WOE was extracted from formula IV
Transform the above formula as follows
Among themIs the number of characteristic cases. We find that WOE is the logarithmic term of IV, and as you can see from the formula, originally defined as WOEProportion of bad guys in the total bad guyswithThe proportion of good people under this score to the total good peopleThe difference. ‘WOE’ means’ WOE ‘The ratio of bad users to good userswithTotal number of good users and total number of bad usersThe difference. In conclusion, the larger WOE is, the greater the difference between the ratio of good and bad in this score segment is, and the stronger the distinguishing ability of this feature is.
In practice, WOE needs to be discretized first, which is commonly referred to as “box-splitting”. WOE compartments can be divided into supervised and unsupervised compartments: Generally, unsupervised compartments can be divided into equal frequency, equal distance and clustering methods. There are supervision methods such as Best-KS and Chi-square box splitting, which requires two articles, and we will discuss in detail if we have the opportunity.
Getting back to WOE, the traditional scorecard also adjusts the monotonicity of each segment for explainability after the feature is boxed to ensure monotonicity. In other words, if we define bad users as 1, the probability of predicting bad people will increase or decrease monotonically as the feature increases.
Now, let’s go back to the WOE formula, the logarithmic term of IV, which is actually part of the entropy of information, called self information.
WOE and information entropy
Entropy comes from the thermodynamic definition, and its physical meaning is the measure of the disorder degree of a system. How much information a piece of information contains depends on its uncertainty. If there are two pieces of information, one is that there is going to be a lot of rain in the rainforests this summer; Another is that there will be a lot of rain in the desert this summer. Obviously, the first sentence is highly deterministic based on our experience judgment, so there is no need to introduce other information, so the entropy of the first sentence is low. However, the second sentence is inconsistent with our common sense and has low certainty. If it really happens, we need a lot of external knowledge to verify it, so the second sentence contains high entropy.
In other words, we found that the amount of information of a piece of information is inversely proportional to the probability of its occurrence, and is directly proportional to the uncertainty, that is, the smaller the probability of occurrence, the more uncertain the amount of information, the greater the entropy, and the greater the probability of occurrence, the less uncertain the amount of information, the lower the entropy.
Consider a discrete random variableThe information function we’re looking forIt should be a probability function, and satisfy the following relation:
”
Suppose you have two independent, unrelated events
and
, then the amount of information obtained after two things happened at the same time is equal to the independent amount of information of each thing, i.e
The probability of simultaneous occurrence of two independent, unrelated events is equal to the product of the respective probabilities:
We can easily see from the above relationshipandThere is a logarithm relationship (because of the logarithm rule there is a product with the transformation of the sum relationship). So we have:
Where the negative sign is to ensure that the amount of information is positive or zero. Finally, the concept of entropy is formally introduced, and entropy is about distributionThe amount of informationExpectations.
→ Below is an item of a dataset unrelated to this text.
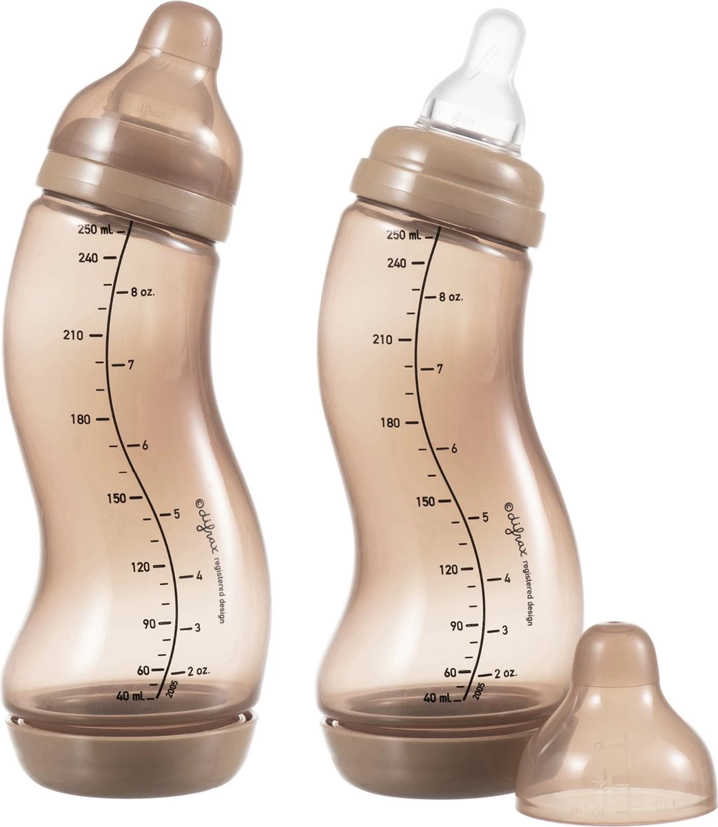 De lichtbruine 250 ml Difrax S-fles heeft een unieke S-vorm die zorgt voor een constante stroom van voeding. Het speciale ventiel in de bodem zorgt ervoor dat lucht niet mengt met de voeding, hierdoor blijven alle voedingsstoffen behouden.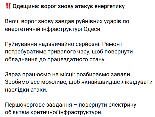 Енергетики зазначають, що першочерговим завданням є відновлення електроенергії для об'єктів критичної інфраструктури.

So here we have our definition of entropy,We can see that the more the value of the random variable is, the more the number of states is, and the greater the information entropy is. And it follows that,Is the maximum entropy of uniform distribution.
Let’s go back to the definition of WOE, WOECan be understood asThe difference in the ratio of good and bad people in sub-boxesIn a certain sub-box, except when the ratio of good and bad guys is the same, i.e., 1, the amount of information is zero. In other cases, the greater the difference between the ratio of good and bad guys, the amount of information, the greater the entropyThe greater the.
Let’s look at PSI
The full spelling of PSI is popularity Stability index, which refers to the group stability index. It is used to measure the data distribution difference between test sample and modeling sample scores and is a common indicator of model stability.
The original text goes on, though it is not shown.